Fish Cakes

Fish Cakes

Walleye With Blue Cheese

Fish Cakes




by Chefs Jerry Swanson & Tommy Nuesse


We do this recipe at the Nisswa Grill usually using crab to create a distinctive crabcake. Walleye, though, is just as good. The blue cheese aioli is our favorite accompaniment, but, of course, you can substitute.


For 8 to 10 cakes . . .

8 oz. (1/2 pound) walleye, cooked

11⁄2 c. mayonnaise

4 eggs

1 c. cooked wild rice

1/2 c. shredded Parmesan (or ­substitute your favorite cheese)

4 green onions, chopped, or 1/4 c. chopped yellow onion

1 tsp. garlic powder, or 1 clove fresh garlic

1 package saltine crackers

2 tsp. seasonings (salt, pepper, herbs)

2 tbsp. oil or butter

Blue cheese aioli . . .

1/2 c. mayonnaise

1 tsp. garlic powder or 1 clove fresh garlic, minced

1 oz. crumbled blue cheese

Mix well

(Substitute: blue cheese salad

dressing)

Cook the walleye in simmering water until flesh is firm, about five minutes, then cool.
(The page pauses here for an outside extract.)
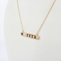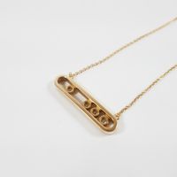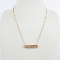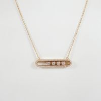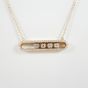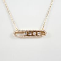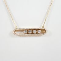 Dans le goût de MESSIKA : Collier en or 750 mil. à fine maille forçat ronde retenant un motif oblong orné de 4 diamants mobiles dans un entourage de diamants brillantés. (Longueur collier : 42 cm ; Longueur motif : 3,3 cm). 7,7 g. brut

In a large bowl combine the walleye (flaked), mayonnaise, rice, chopped onion, garlic, and cheese. Add eggs and mix with a fork.

Add seasoning. Crush saltines and fold into batter until mixture is firm enough to form into cakes.

Heat oil or butter in skillet over medium-high heat, form mix into small (2 to 4 oz.) cakes and cook approximately 2 to 3 minutes on each side or until golden brown. Serve with blue cheese aioli.